▶ **Supplied material**
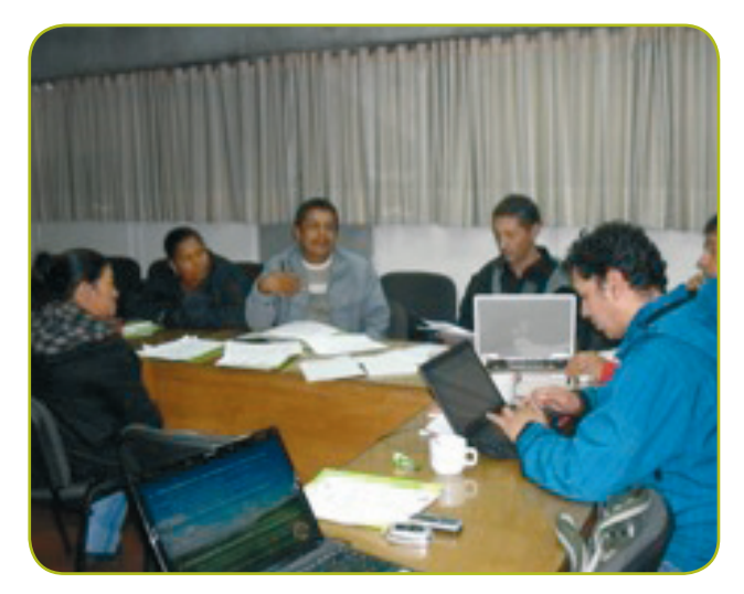
PGS initiatives representatives discussing in Bogota

One of the outcomes of the meeting was the recognition of the emerging need to build a national proposal to support and strengthen PGS, and to create a communication channel between the organizations. The aim is to advance with the coordinated work, taking advantage of the many different events being held by the organic and agroecological movement in Colombia, including the coming Latin American and Caribbean Producers, Producers, Innovators and Researchers in Organic Agriculture (ELAO) meeting, taking place in October.
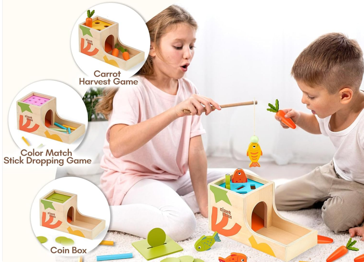
Image: A child engaged with the magnetic fishing game, with insets showing the carrot harvest and stick dropping activities of the Explore Box.

Develops hand-eye coordination, fine motor skills and concentration.
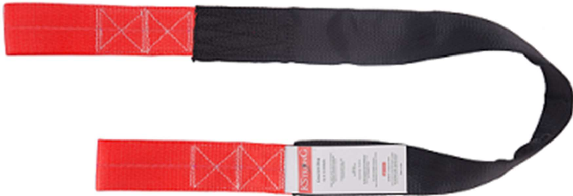
Figure 1 – Anchorage sling described as “UFA21004”
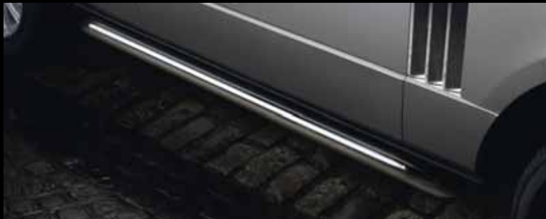
Side Protection Tubes – Stainless Steel Can be fitted with or without front mudflaps. VJB001230
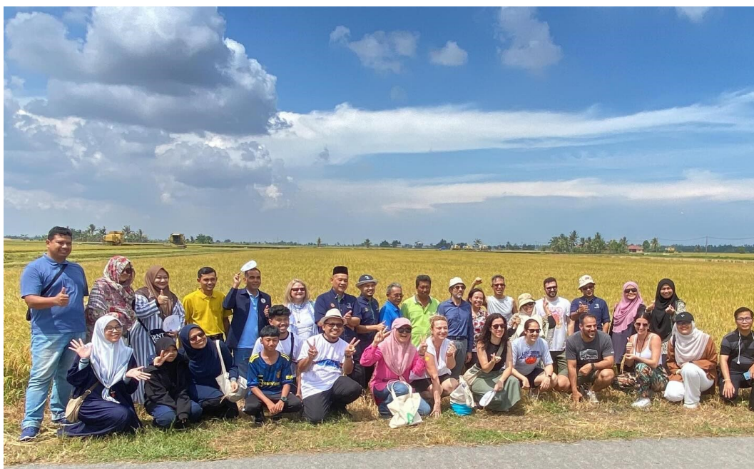
Figure 20: In front of a paddy field

As part of an initiative to foster cultural exchange and immerse participants in Malaysia's rich heritage, members of the ANGEL Erasmus+ project embarked on a journey to Sekinchan, a charming town located in the state of Selangor. Sekinchan is renowned for its picturesque paddy fields, traditional fishing village, and stunning natural landscapes. The town is particularly famous for its vast stretches of paddy fields, which form a beautiful mosaic of lush greenery, offering breathtaking views that extend as far as the eye can see. These rice fields not only serve as the backbone of Sekinchan's economy but also attract photographers, tourists, and those seeking a peaceful escape from urban life.
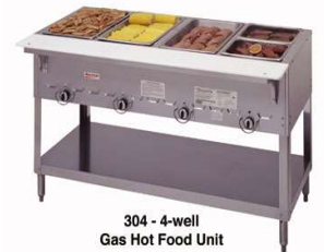
304 - 4-well Gas Hot Food Unit

Aerohot Steamtable Hot Food Unit, 72-3/8"L, gas, (5) 12"x20" hot food wells with adjustable gas valve controls with adjustable pilot light, s/s top w/1/2" thick x 7" wide poly carving board, s/s open base w/undershelf, legs & feet
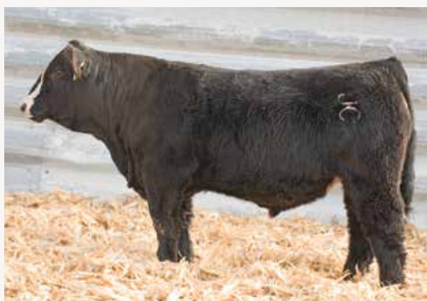
J&C Innocent Man G917

All black Boulder out of a Wide Track cow with plenty of growth. He's long bodied and easy moving with neat joints.
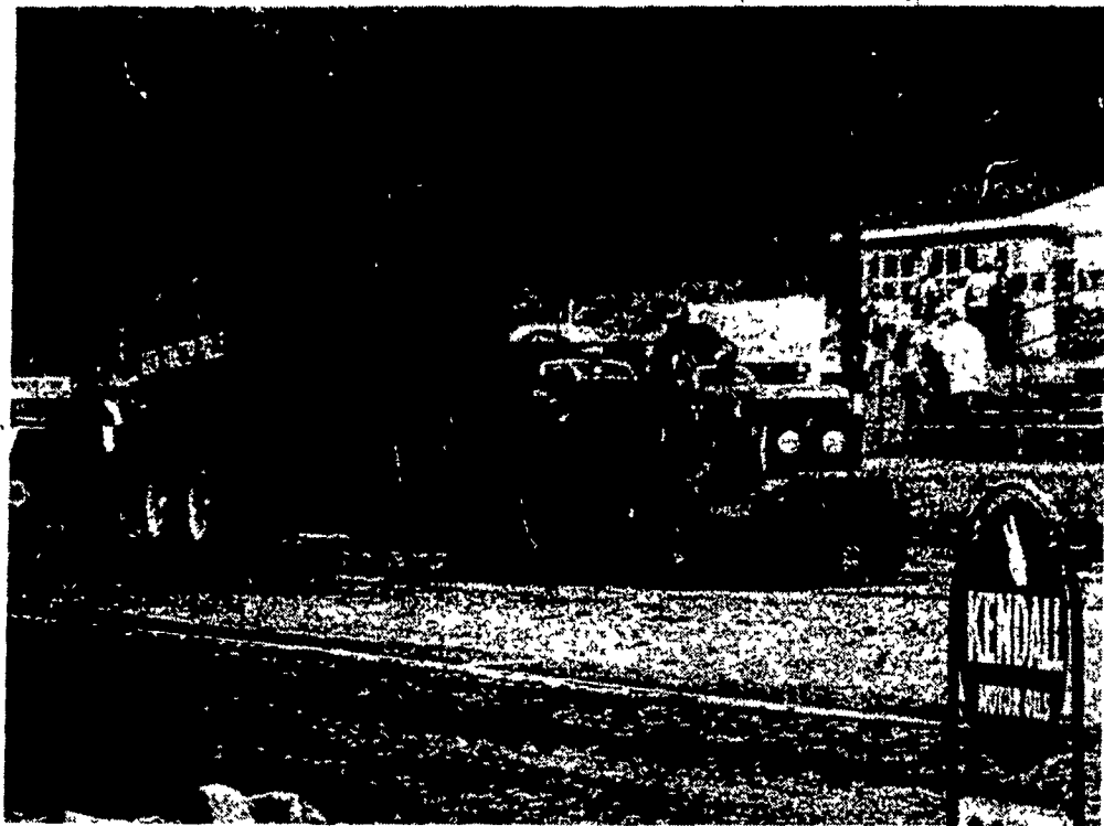
Nevin Ament, Ephrata, is shown roaring down the track during last

9000-pound Modified 1st - Paul Bosse, Findlay, Ohio W9-446 Lincoln; 2nd - Banter Bros., LaFontaine,
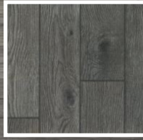
OXIDIZED OAK 60 mil
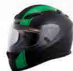
MODEL CODE G9999 GC-GREEN
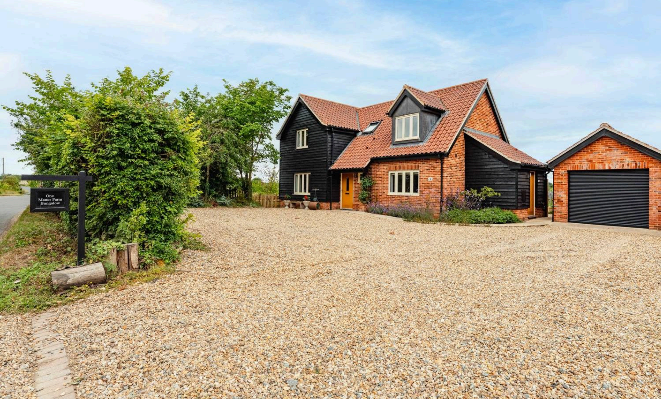
1 Manor Farm Bungalow Diss Road, Tibenham
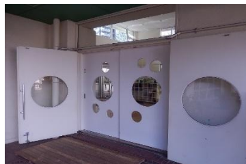
②-b The white colored sliding door
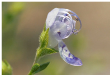
Curled stamens and style
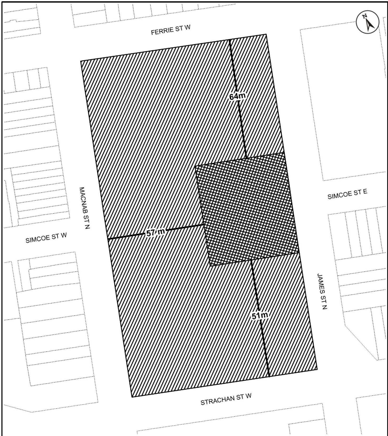
Special Figure 29: 405 James Street North
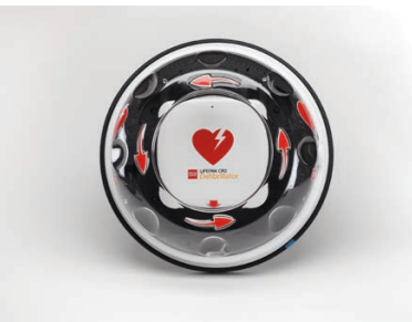
Rotaid Solid Plus Heat Wall Cabinet with Heat and Alarm For outdoor use.
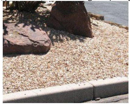
Keep curbs tidy and corners cleared and visible.

Please help your neighborhood, yourselves, and the CSC by controlling your landscape and weeds throughout the growing season. Don't wait until plants are unwieldy, become woody, or constitute fire and/or safety hazards. Just as we schedule haircuts every so often, let's keep our properties looking cared for and attractive. In fact, while we're at it, let's remove our dead vegetation too: this is one covenant that applies to all property-owners. Good landscape maintenance will help keep our home values strong, our streets safer due to fire prevention and clear sightlines for vehicles, bicycles, and pedestrians, and Sandia Heights as beautiful as it can be.
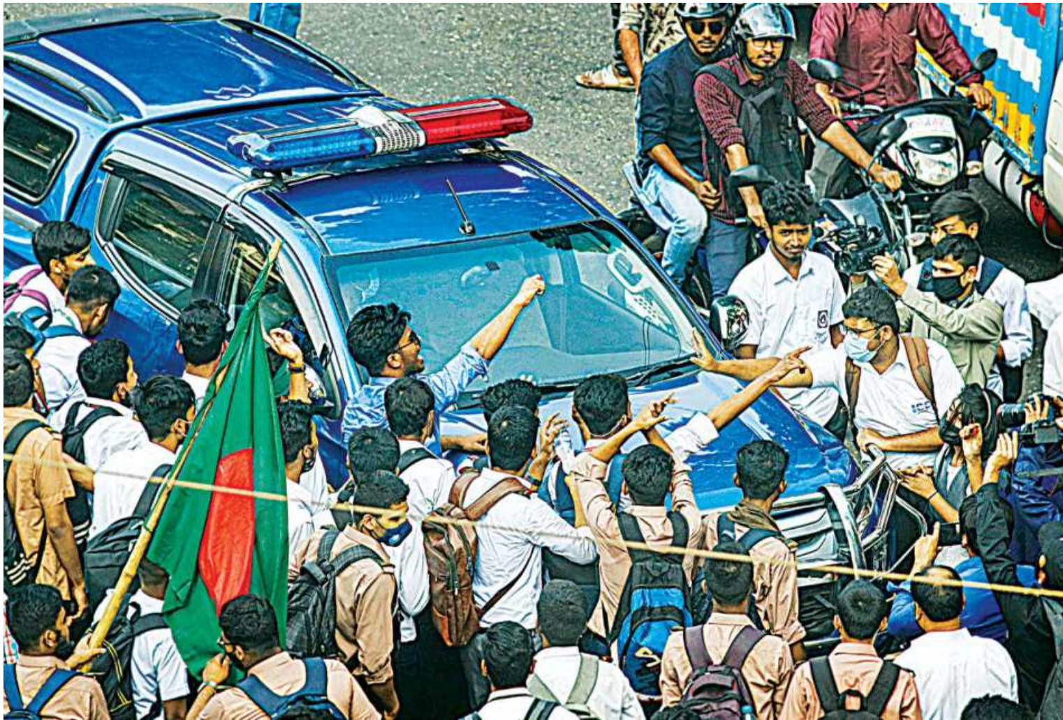
Students demanding safer roads stop a vehicle of Armed Police Battalion in the capital's Dhanmondi-27 area as the vehicle had no number plates. Since a Notre Dame College student was run over and killed by a garbage truck on Wednesday, they have been demonstrating on the streets and checking vehicles' documents and drivers' licences.
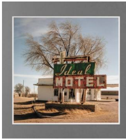
Title: Highway 54, 60 and 285, Vaughn, New Mexico, January, 1994 (from the series Western Landmarks) Date: January 1994 (printed 2011) Primary Maker: Steve Fitch Medium: pigment print
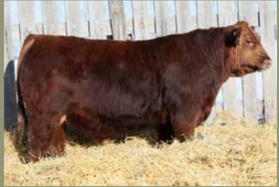
RED MAR MAC TROOPER 39G A Lady Trooper son leaving amazing set of daughters and sons for Lauron Red Angus
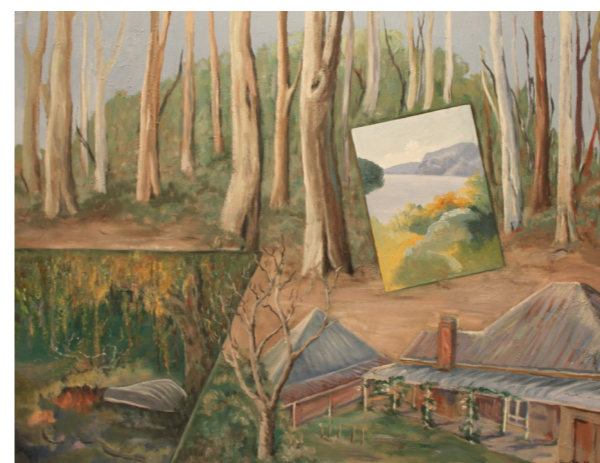
Riversdale , 2014, oil on canvas
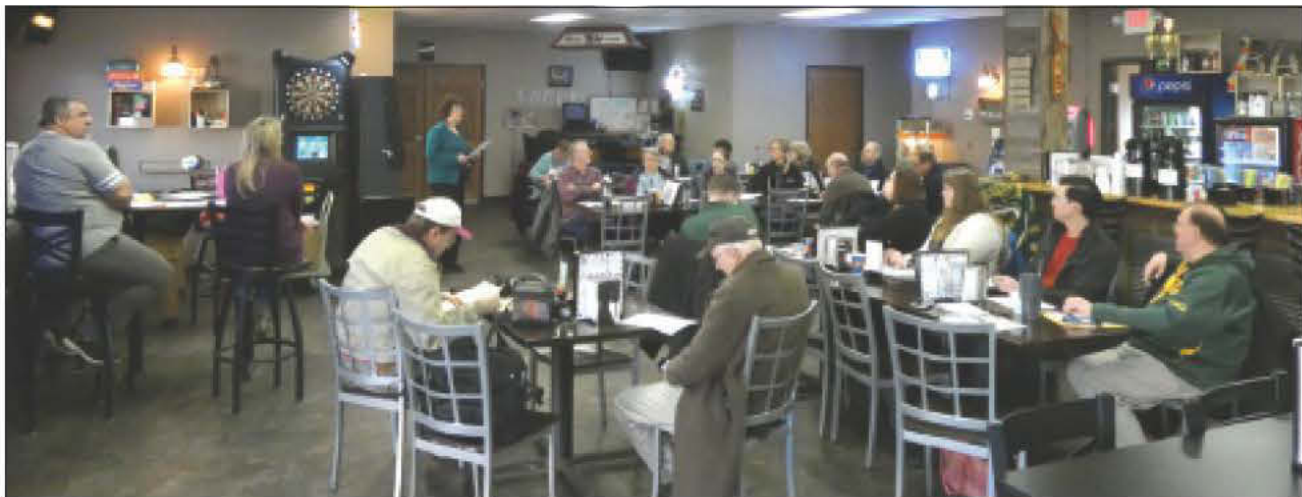
Over 20 Tri-County Tourism Alliance members attended the annual meeting on Jan.11 at the White Maid Restaurant and Bar in Napoleon.
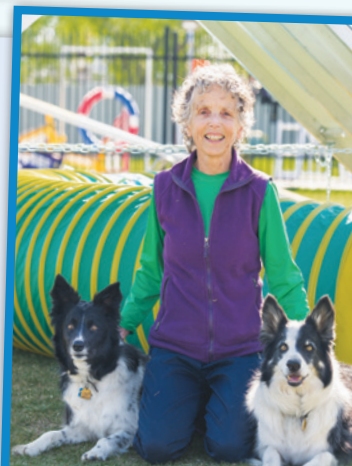
MaryMac, Target & Zoom
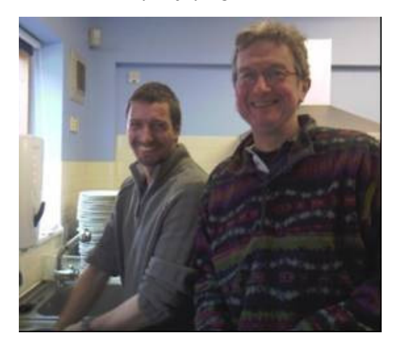
just like being at home!

themselves, which were hit by wooden spoons attached between their knees! Imagine that ladies (or not!) Sadly no photographic evidence could be found - we were clearly enjoying it too much!
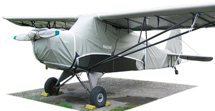
Prop Cover, Engine Cover, Canopy Cover, Wing Covers and Empennage Cover

WINTER USE MATERIAL - Made with Solution-Dyed Polyester fabric, this option is intended for seasonal use to aid in deicing, rain mitigation, or for occasional travel. The material is lighter and more compact, but more susceptible to UV damage and may have a shorter useful life if used continuously outside than the all-year use material.
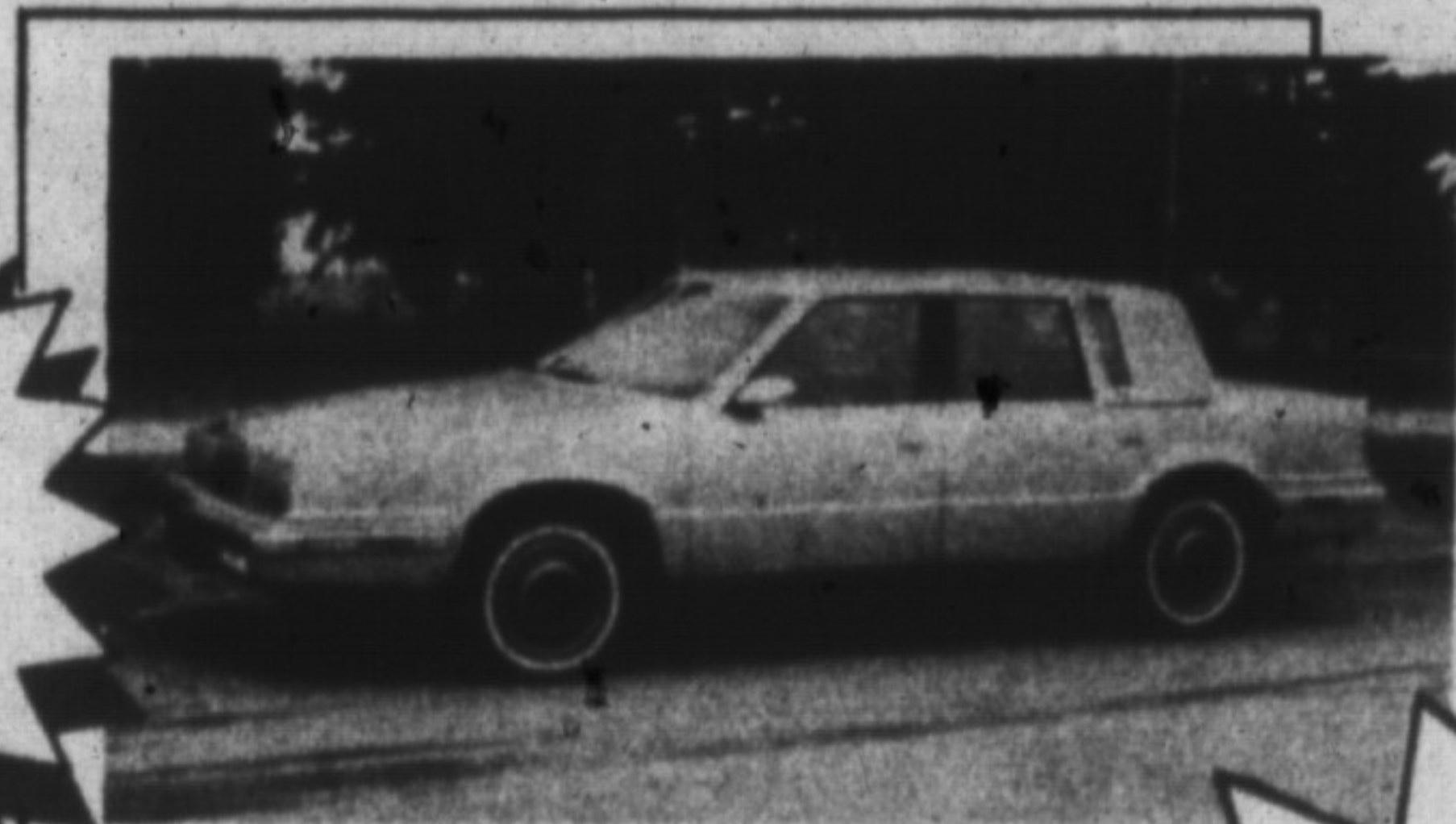
1991 5 TH AVE LOADED!! Blue *19,995
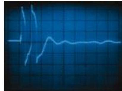
TYPICAL SURGE SUPPRESSOR OUTPUT

POWERVAR HAS AN ENVIABLE REPUTATION IN THE INDUSTRY AS AN INNOVATOR, A TECHNOLOGY LEADER AND AN EDUCATOR. TODAY, POWERVAR POWER CONDITIONING AND UNINTERRUPTIBLE POWER SUPPLY SYSTEMS ARE WIDELY USED IN SOPHISTICATED SEMICONDUCTOR FABRICATION PLANTS, CUSTOMER PREMISE TELECOMMUNICATIONS SYSTEMS, MEDICAL DIAGNOSTIC AND PATIENT TREATMENT SYSTEMS, AS WELL AS POINT-OF-SALE AND WIDE AREA RETAIL INFORMATION NETWORKS.
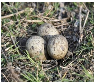
Photo-6 River Tern

Despite all these hurdles, some eggs survive and are incubated and hatchlings are born, but due to this constant work, they lose their lives needlessly and the parents can do nothing but watch in agony. For the same reasons, waterfowl have to wait until next year for breeding, but even then, this is happening again and slowly the birds are starting to escape from the dam. Breeding, eggs and nestlings of water birds recorded till date at Borgaon Dam include Little Tern, River Tern, Small Pratincole, Kentish Plover, Little Ringed Plover, Great Thick-knee, Red wattled Lapwing, Yellow wattled Lapwing and Black Wing Stilt. Breeding photos of some of these waterfowl including eggs and chicks are a common sight at the Borgaon dam in summer.
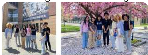
Step-Up Stepping into the Future! Kean University College Tour
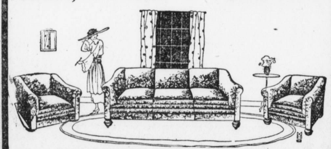
Loose Spring-Cushions, Spring Edges, Seats and Backs. Very deep, comfortable seats. High-grade silk finished Tapestry

Tapestry Over-Covered $250.00 Suites, 3 Pieces . . . $250.00
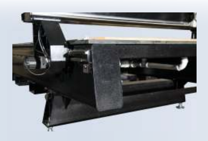
Base Frame Solid, Heavy-Duty Construction

The Apex's base is a rigid 3/8" thick tube frame that is welded, stress relieved and precision machined. It provides a heavy and accurate platform that translates into gentle motion for clean, smooth cuts.
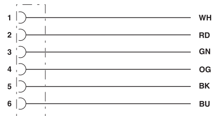
Contact assignment of 7/8" socket
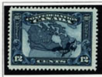
Map of Canada
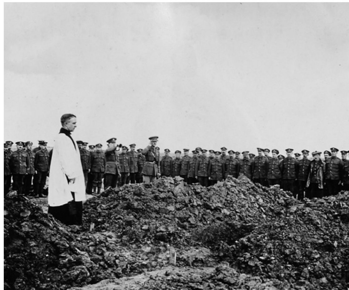
Burial party in Passchendaele New British Cemetery, Belgium 1919. An army chaplain conducting a funeral.

nations including Britain as well as India and China, whose government committed to assisting the Allies. First arriving near the front in mid-1917, tens of thousands of Chinese workers contributed to the efforts of British and French forces, particularly at dockyards, repairing roads or digging trenches. Almost 100,000 were in service with British forces between 1917 and 1920. With the end of hostilities, the Chinese Labour Corps helped with battlefield clearance: dealing with unexploded ordnance, filling in trenches, and recovering bodies. It was difficult, dangerous and often demoralising work carried out amongst the most horrifying circumstances.
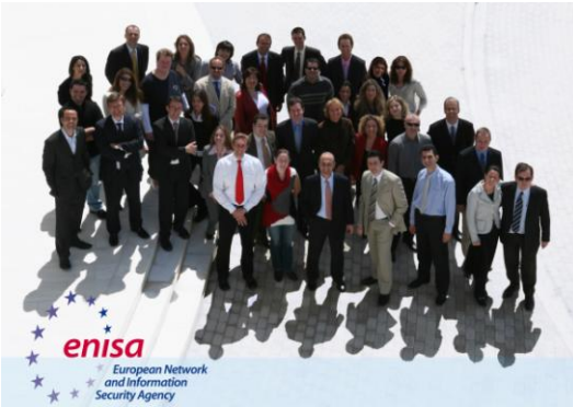
The ENISA team at your service
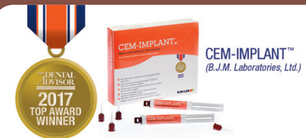
CEM-IMPLANT™ (B.J.M. Laboratories, Ltd.)
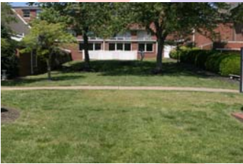
Prayer Garden Location Facing Church From West 7 th Street
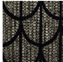
0754-05 PARURE M1 - PLUME
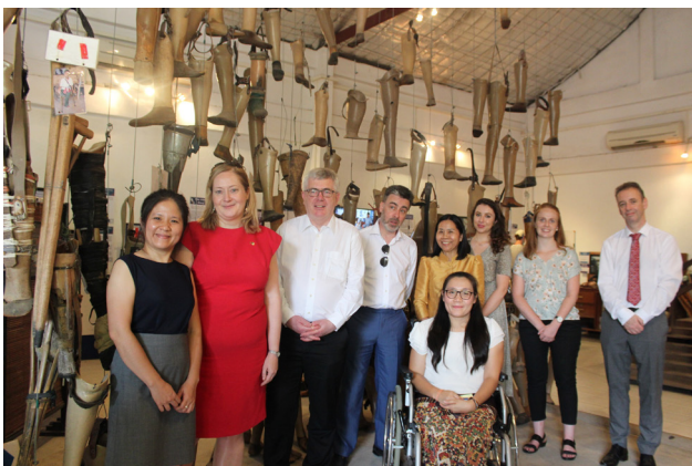
Welcome Irish Ambassador

▶ **Work order**
Retype only the lines above from the one with "MODEL CODE G9999 GC-GREEN" through the one with "Prop Cover, Engine", exactly and with both ends. Images stay out.

▶ **Task solution**
MODEL CODE G9999 GC-GREEN
1 Manor Farm Bungalow Diss Road, Tibenham
②-b The white colored sliding door
Curled stamens and style
Special Figure 29: 405 James Street North
Rotaid Solid Plus Heat Wall Cabinet with Heat and Alarm For outdoor use.
Keep curbs tidy and corners cleared and visible.

Please help your neighborhood, yourselves, and the CSC by controlling your landscape and weeds throughout the growing season. Don't wait until plants are unwieldy, become woody, or constitute fire and/or safety hazards. Just as we schedule haircuts every so often, let's keep our properties looking cared for and attractive. In fact, while we're at it, let's remove our dead vegetation too: this is one covenant that applies to all property-owners. Good landscape maintenance will help keep our home values strong, our streets safer due to fire prevention and clear sightlines for vehicles, bicycles, and pedestrians, and Sandia Heights as beautiful as it can be.
Students demanding safer roads stop a vehicle of Armed Police Battalion in the capital's Dhanmondi-27 area as the vehicle had no number plates. Since a Notre Dame College student was run over and killed by a garbage truck on Wednesday, they have been demonstrating on the streets and checking vehicles' documents and drivers' licences.
Title: Highway 54, 60 and 285, Vaughn, New Mexico, January, 1994 (from the series Western Landmarks) Date: January 1994 (printed 2011) Primary Maker: Steve Fitch Medium: pigment print
RED MAR MAC TROOPER 39G A Lady Trooper son leaving amazing set of daughters and sons for Lauron Red Angus
Riversdale , 2014, oil on canvas
Over 20 Tri-County Tourism Alliance members attended the annual meeting on Jan.11 at the White Maid Restaurant and Bar in Napoleon.
MaryMac, Target & Zoom
just like being at home!

themselves, which were hit by wooden spoons attached between their knees! Imagine that ladies (or not!) Sadly no photographic evidence could be found - we were clearly enjoying it too much!
Prop Cover, Engine Cover, Canopy Cover, Wing Covers and Empennage Cover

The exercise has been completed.